# What you are asked to do
Return all the entries. Match them word for word.

START Dataset

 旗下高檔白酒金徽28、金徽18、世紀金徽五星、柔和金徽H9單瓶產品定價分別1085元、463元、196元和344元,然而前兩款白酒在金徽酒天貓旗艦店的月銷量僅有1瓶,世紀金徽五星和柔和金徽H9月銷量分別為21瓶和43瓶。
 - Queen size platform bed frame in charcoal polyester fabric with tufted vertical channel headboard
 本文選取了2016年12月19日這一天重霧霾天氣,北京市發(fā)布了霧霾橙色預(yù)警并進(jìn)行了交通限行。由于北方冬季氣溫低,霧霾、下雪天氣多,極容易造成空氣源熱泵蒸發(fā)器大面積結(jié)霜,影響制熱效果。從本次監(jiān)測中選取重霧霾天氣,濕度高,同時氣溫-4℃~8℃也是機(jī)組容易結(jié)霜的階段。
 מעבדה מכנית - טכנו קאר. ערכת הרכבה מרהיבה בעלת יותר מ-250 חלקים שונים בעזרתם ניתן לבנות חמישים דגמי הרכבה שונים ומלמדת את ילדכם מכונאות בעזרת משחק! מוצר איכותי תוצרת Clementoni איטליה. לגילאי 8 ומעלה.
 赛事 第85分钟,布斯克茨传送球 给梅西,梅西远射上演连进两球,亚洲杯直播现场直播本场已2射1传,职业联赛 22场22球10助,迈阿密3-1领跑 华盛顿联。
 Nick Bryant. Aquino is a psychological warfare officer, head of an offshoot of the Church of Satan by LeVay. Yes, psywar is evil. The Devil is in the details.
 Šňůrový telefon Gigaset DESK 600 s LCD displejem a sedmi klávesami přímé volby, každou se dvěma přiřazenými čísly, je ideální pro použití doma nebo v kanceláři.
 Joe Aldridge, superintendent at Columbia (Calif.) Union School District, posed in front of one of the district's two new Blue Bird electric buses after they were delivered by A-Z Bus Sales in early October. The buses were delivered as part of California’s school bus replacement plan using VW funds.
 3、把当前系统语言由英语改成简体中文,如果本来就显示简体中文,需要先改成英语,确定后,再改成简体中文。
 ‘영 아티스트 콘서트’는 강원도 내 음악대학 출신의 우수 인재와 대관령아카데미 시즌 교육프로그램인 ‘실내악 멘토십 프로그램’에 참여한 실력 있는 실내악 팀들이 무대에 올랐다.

END Dataset

# Response
 旗下高檔白酒金徽28、金徽18、世紀金徽五星、柔和金徽H9單瓶產品定價分別1085元、463元、196元和344元,然而前兩款白酒在金徽酒天貓旗艦店的月銷量僅有1瓶,世紀金徽五星和柔和金徽H9月銷量分別為21瓶和43瓶。
 - Queen size platform bed frame in charcoal polyester fabric with tufted vertical channel headboard
 本文選取了2016年12月19日這一天重霧霾天氣,北京市發(fā)布了霧霾橙色預(yù)警并進(jìn)行了交通限行。由于北方冬季氣溫低,霧霾、下雪天氣多,極容易造成空氣源熱泵蒸發(fā)器大面積結(jié)霜,影響制熱效果。從本次監(jiān)測中選取重霧霾天氣,濕度高,同時氣溫-4℃~8℃也是機(jī)組容易結(jié)霜的階段。
 מעבדה מכנית - טכנו קאר. ערכת הרכבה מרהיבה בעלת יותר מ-250 חלקים שונים בעזרתם ניתן לבנות חמישים דגמי הרכבה שונים ומלמדת את ילדכם מכונאות בעזרת משחק! מוצר איכותי תוצרת Clementoni איטליה. לגילאי 8 ומעלה.
 赛事 第85分钟,布斯克茨传送球 给梅西,梅西远射上演连进两球,亚洲杯直播现场直播本场已2射1传,职业联赛 22场22球10助,迈阿密3-1领跑 华盛顿联。
 Nick Bryant. Aquino is a psychological warfare officer, head of an offshoot of the Church of Satan by LeVay. Yes, psywar is evil. The Devil is in the details.
 Šňůrový telefon Gigaset DESK 600 s LCD displejem a sedmi klávesami přímé volby, každou se dvěma přiřazenými čísly, je ideální pro použití doma nebo v kanceláři.
 Joe Aldridge, superintendent at Columbia (Calif.) Union School District, posed in front of one of the district's two new Blue Bird electric buses after they were delivered by A-Z Bus Sales in early October. The buses were delivered as part of California’s school bus replacement plan using VW funds.
 3、把当前系统语言由英语改成简体中文,如果本来就显示简体中文,需要先改成英语,确定后,再改成简体中文。
 ‘영 아티스트 콘서트’는 강원도 내 음악대학 출신의 우수 인재와 대관령아카데미 시즌 교육프로그램인 ‘실내악 멘토십 프로그램’에 참여한 실력 있는 실내악 팀들이 무대에 올랐다.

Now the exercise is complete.